◆ Task goal ◆
Using the listing below, copy exactly each line from the one that has "Various coloured plastic" through the one that has "영광 최근 거래가는 4억 2,700만입니다. (2026-01)"; omit the pictures.

◆ Records to process ◆
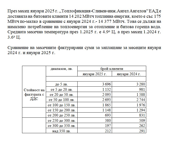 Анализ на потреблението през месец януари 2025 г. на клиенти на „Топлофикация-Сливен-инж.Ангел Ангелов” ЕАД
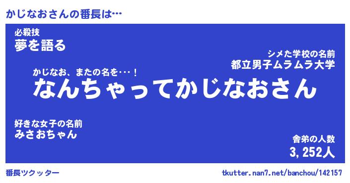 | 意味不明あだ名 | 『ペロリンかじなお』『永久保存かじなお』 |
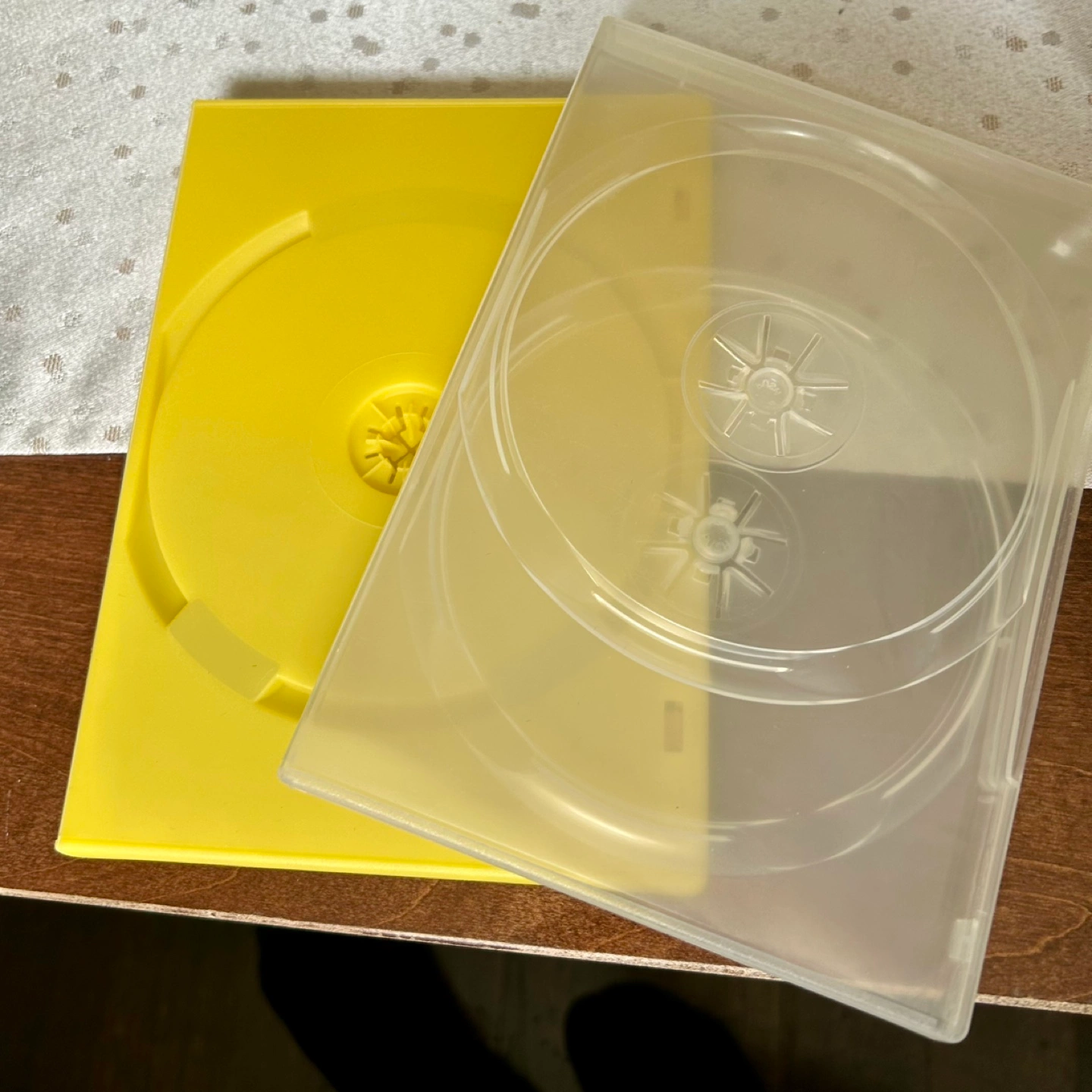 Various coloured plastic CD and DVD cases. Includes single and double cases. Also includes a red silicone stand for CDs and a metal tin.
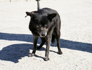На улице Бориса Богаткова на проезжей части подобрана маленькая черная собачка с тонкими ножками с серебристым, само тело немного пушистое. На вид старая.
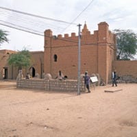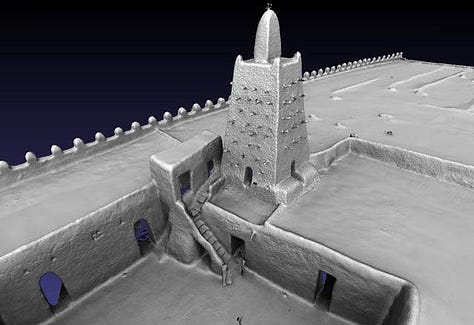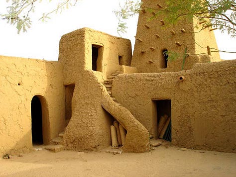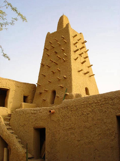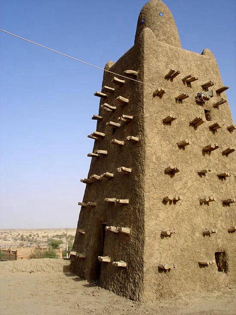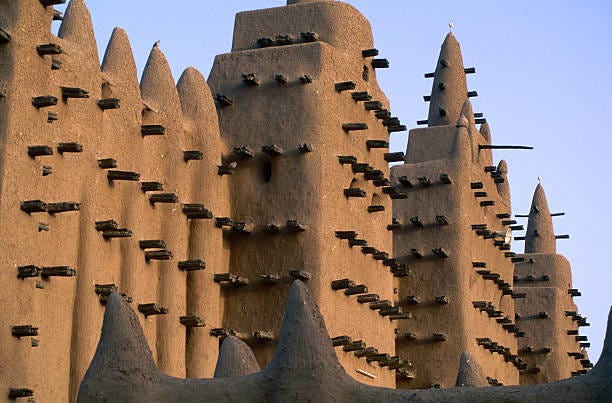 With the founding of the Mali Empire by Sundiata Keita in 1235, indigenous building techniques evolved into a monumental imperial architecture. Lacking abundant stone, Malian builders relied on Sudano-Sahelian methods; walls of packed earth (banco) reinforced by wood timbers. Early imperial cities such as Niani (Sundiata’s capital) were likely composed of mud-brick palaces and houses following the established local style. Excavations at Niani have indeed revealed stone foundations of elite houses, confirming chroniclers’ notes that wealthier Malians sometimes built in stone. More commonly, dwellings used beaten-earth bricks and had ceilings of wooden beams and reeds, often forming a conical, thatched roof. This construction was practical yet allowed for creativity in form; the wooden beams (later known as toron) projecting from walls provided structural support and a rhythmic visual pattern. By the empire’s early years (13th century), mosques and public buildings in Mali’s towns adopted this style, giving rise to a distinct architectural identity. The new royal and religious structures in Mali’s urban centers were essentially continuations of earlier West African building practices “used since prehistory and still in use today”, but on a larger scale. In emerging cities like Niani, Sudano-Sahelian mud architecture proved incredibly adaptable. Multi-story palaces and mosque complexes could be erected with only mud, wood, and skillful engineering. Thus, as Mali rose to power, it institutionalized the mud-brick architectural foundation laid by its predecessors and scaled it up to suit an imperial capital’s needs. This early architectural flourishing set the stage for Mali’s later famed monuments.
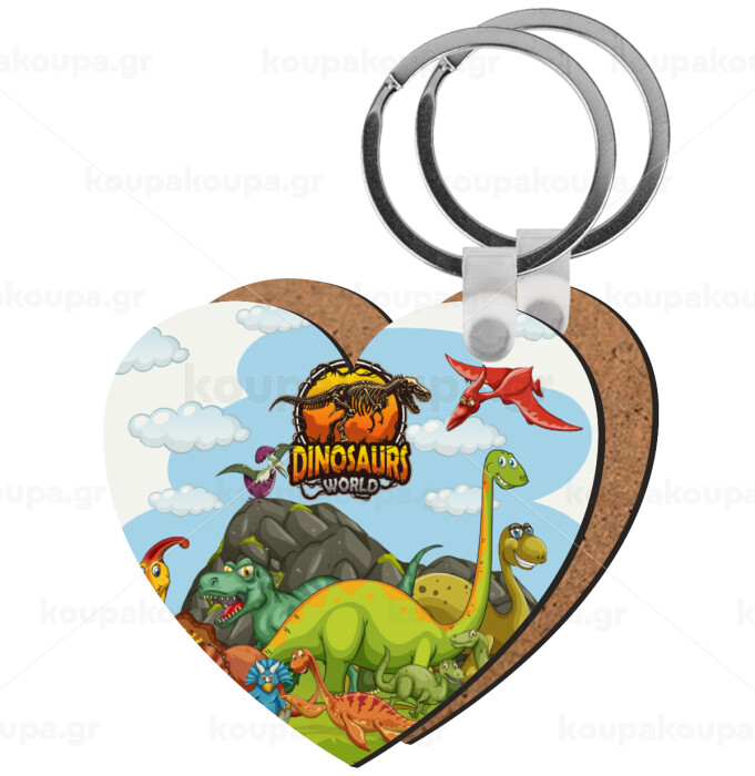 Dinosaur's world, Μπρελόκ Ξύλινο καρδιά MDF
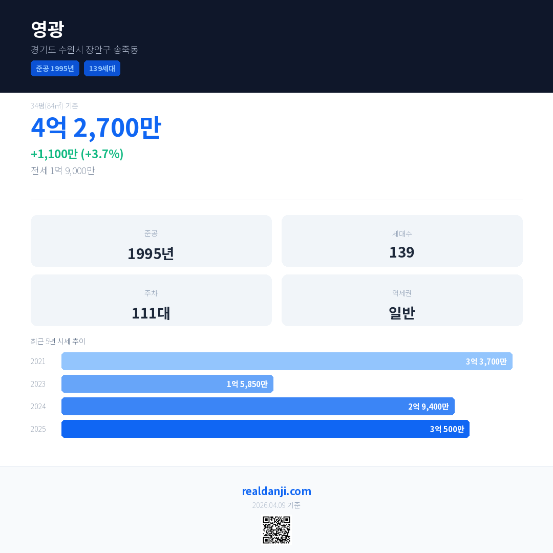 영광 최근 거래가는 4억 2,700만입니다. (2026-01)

...

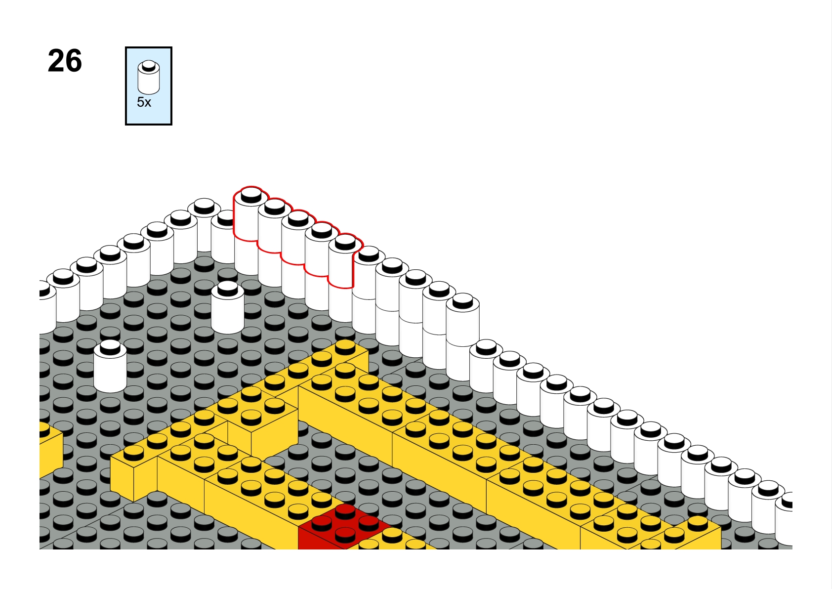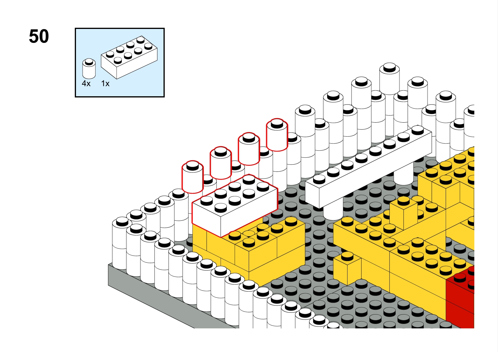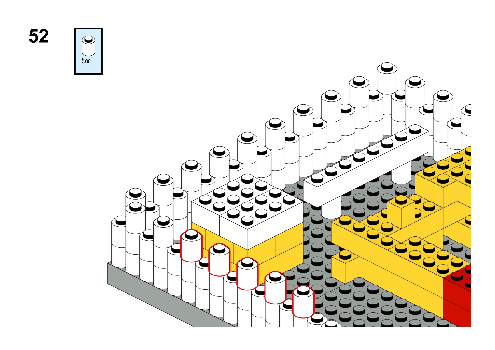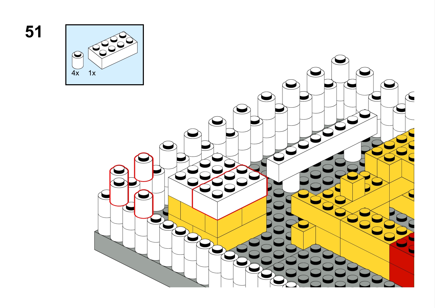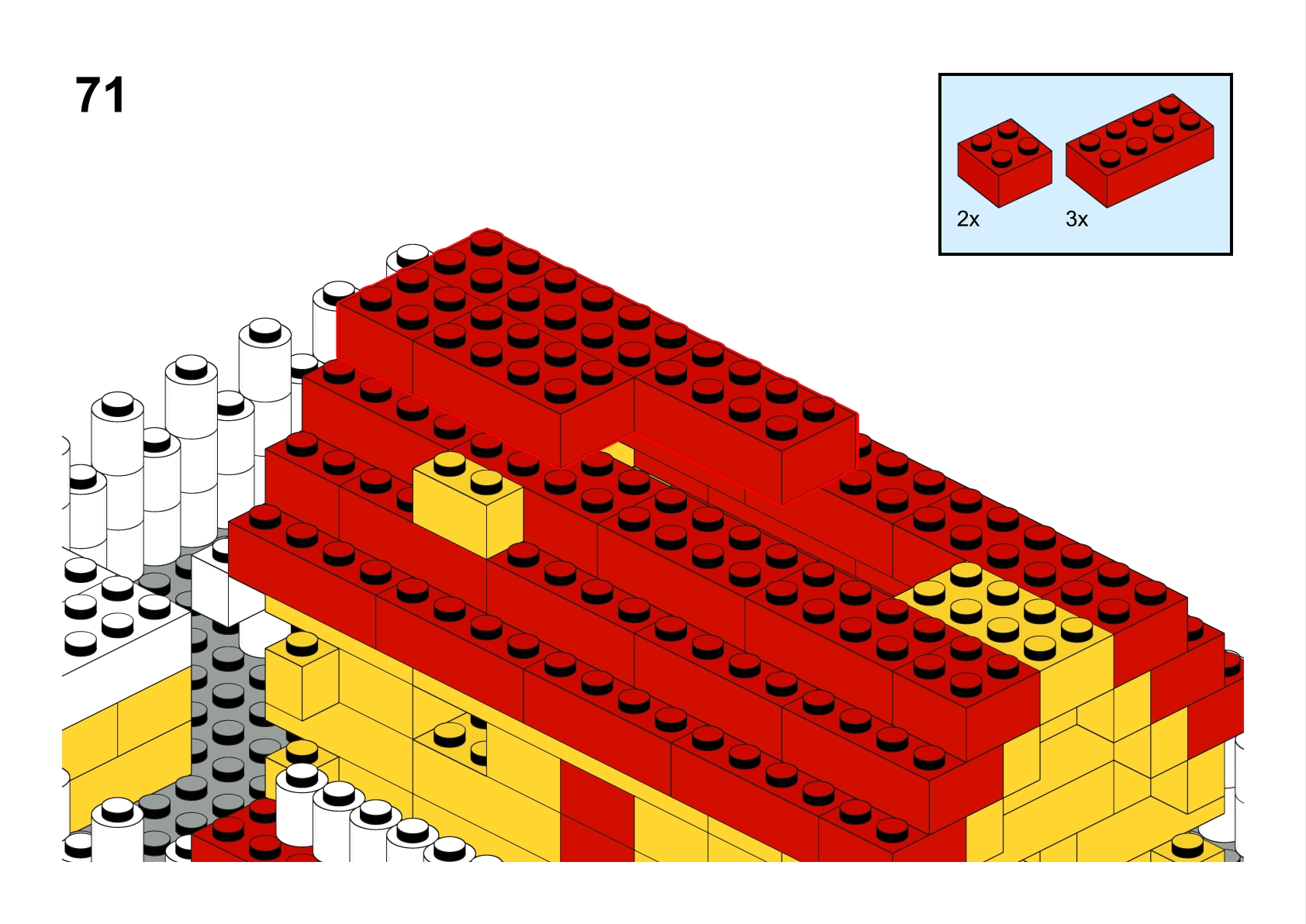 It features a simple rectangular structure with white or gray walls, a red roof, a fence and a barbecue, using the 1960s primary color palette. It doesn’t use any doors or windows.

◆ Reply ◆
 Various coloured plastic CD and DVD cases. Includes single and double cases. Also includes a red silicone stand for CDs and a metal tin.
На улице Бориса Богаткова на проезжей части подобрана маленькая черная собачка с тонкими ножками с серебристым, само тело немного пушистое. На вид старая.
 With the founding of the Mali Empire by Sundiata Keita in 1235, indigenous building techniques evolved into a monumental imperial architecture. Lacking abundant stone, Malian builders relied on Sudano-Sahelian methods; walls of packed earth (banco) reinforced by wood timbers. Early imperial cities such as Niani (Sundiata’s capital) were likely composed of mud-brick palaces and houses following the established local style. Excavations at Niani have indeed revealed stone foundations of elite houses, confirming chroniclers’ notes that wealthier Malians sometimes built in stone. More commonly, dwellings used beaten-earth bricks and had ceilings of wooden beams and reeds, often forming a conical, thatched roof. This construction was practical yet allowed for creativity in form; the wooden beams (later known as toron) projecting from walls provided structural support and a rhythmic visual pattern. By the empire’s early years (13th century), mosques and public buildings in Mali’s towns adopted this style, giving rise to a distinct architectural identity. The new royal and religious structures in Mali’s urban centers were essentially continuations of earlier West African building practices “used since prehistory and still in use today”, but on a larger scale. In emerging cities like Niani, Sudano-Sahelian mud architecture proved incredibly adaptable. Multi-story palaces and mosque complexes could be erected with only mud, wood, and skillful engineering. Thus, as Mali rose to power, it institutionalized the mud-brick architectural foundation laid by its predecessors and scaled it up to suit an imperial capital’s needs. This early architectural flourishing set the stage for Mali’s later famed monuments.
 Dinosaur's world, Μπρελόκ Ξύλινο καρδιά MDF
 영광 최근 거래가는 4억 2,700만입니다. (2026-01)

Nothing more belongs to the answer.